CFL News
October 03, 2011

Arbitrator rules that Quinn layoffs, closures violate union contract

An independent third-party arbitrator has ruled that the State of Illinois is violating the terms of a collective bargaining agreement by laying off more than 1,900 state employees and closing seven state facilities

An independent third-party arbitrator has ruled that the State of Illinois is violating the terms of a collective bargaining agreement by laying off more than 1,900 state employees and closing seven state facilities, including three psychiatric hospitals, two developmental centers, a prison and a juvenile detention center.

In a binding opinion and award issued this morning, arbitrator Edwin Benn found:

“In 2010, the State of Illinois and AFSCME Council 31 entered into a series of concession-granting agreements in which the union agreed to reduce the state’s financial obligations under the parties’ 2008-2012 collective bargaining agreement by approximately $400,000,000. In return for those concessions agreed to by the union and the employees, the state guaranteed that no employees represented by the union would be laid off through June 30, 2012 and … there would be no closures of state facilities prior to July 1, 2012. …

“[T]he state is in violation of the clear language of the relevant Cost Savings Agreements. …

“[I]n the exercise of my discretion to formulate remedies and to restore the status quo ante and to make the adversely impacted employees whole, no employees represented by the union can be laid off through June 30, 2012; the seven … facilities targeted for closure cannot be closed prior to July 1, 2012; and if any employees represented by the union are laid off, bumped or transferred as a result of layoffs and facility closures involved in this matter prior to July 1, 2012, those employees shall be reinstated and returned to their former positions and made whole in all respects for their losses flowing from the state’s violation of its contractual promises … .
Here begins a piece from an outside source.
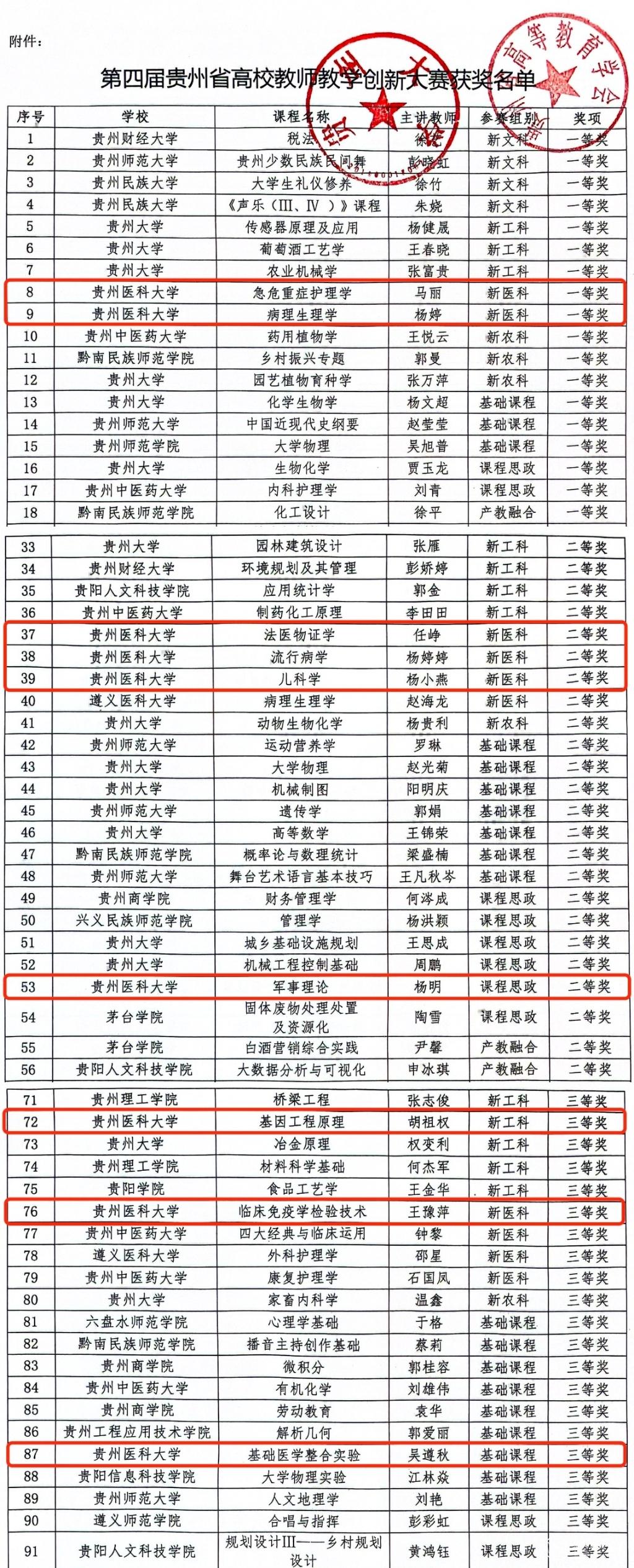 近日,贵州省第四届高校教师教学创新大赛圆满结束,永利官网荣获优秀组织奖,一等奖2项,二等奖4项,三等奖3项,参赛获奖名次和数量实现新突破。其中,护理学院马丽团队、基础医学院杨婷团队获得新医科组一等奖;法医学院任峥团队、公共卫生学院杨婷婷团队、临床医学院杨小燕团队获得新医科组二等奖;医学人文学院杨明团队获得课程思政组二等奖;生物与工程学院胡祖权团队、医学检验学院王豫萍团队、基础医学院吴遵秋团队分别获得新工科组、新医科组、基础课程组三等奖。

“The make whole relief for the adversely impacted employees includes payment by the state to those employees for lost wages and benefits.
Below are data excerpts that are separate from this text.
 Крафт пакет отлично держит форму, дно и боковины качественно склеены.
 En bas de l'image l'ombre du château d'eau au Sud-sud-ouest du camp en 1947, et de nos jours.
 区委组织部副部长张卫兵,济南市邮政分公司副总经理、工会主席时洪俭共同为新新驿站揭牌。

“The make whole relief further includes compensation to adversely affected employees for medical expenses … which would otherwise have been paid for or covered by insurance had the employees not been laid off in violation of the Cost Savings Agreements.

“Additionally, if as a result of the state’s violation of the Cost Savings Agreements, adversely impacted employees are put in a position of not being able to make timely payments on their homes or cars and are foreclosed upon or evicted or otherwise forced to move from their residences, as part of the make whole relief the state shall compensate the employees for those losses.”

“This order is unequivocal. Governor Quinn should rescind all threatened layoffs and closures,” said AFSCME Council 31 executive director Henry Bayer. “Failure to do so will not only harm the vital public services state employees provide, it will expose the state to significant damages for lost wages, benefits and other costs incurred as a result of the governor’s irresponsible actions.”

Arbitrator Benn also underscored the economic harm the state’s threatened layoffs and closures would cause:

“Given the extraordinarily high unemployment rates in Illinois and as a result of the state’s clear violation of its promises … employees who gave concessions to ease the state’s financial difficulties and in return were promised by the state that they had job security and would not be laid off through June 30, 2012, will, because of the state’s violation of its promises, be thrown into an economy with little chance of finding comparable employment. This recession has shown me all too well what happens when employees are laid off in the kind of economic conditions now stressing the country and Illinois … a high potential of foreclosures and evictions from their homes and residences for not being able to pay their mortgage or rent, loss of health insurance, loss and lack of medical care and the overall trauma of being unemployed in a very unforgiving economy.”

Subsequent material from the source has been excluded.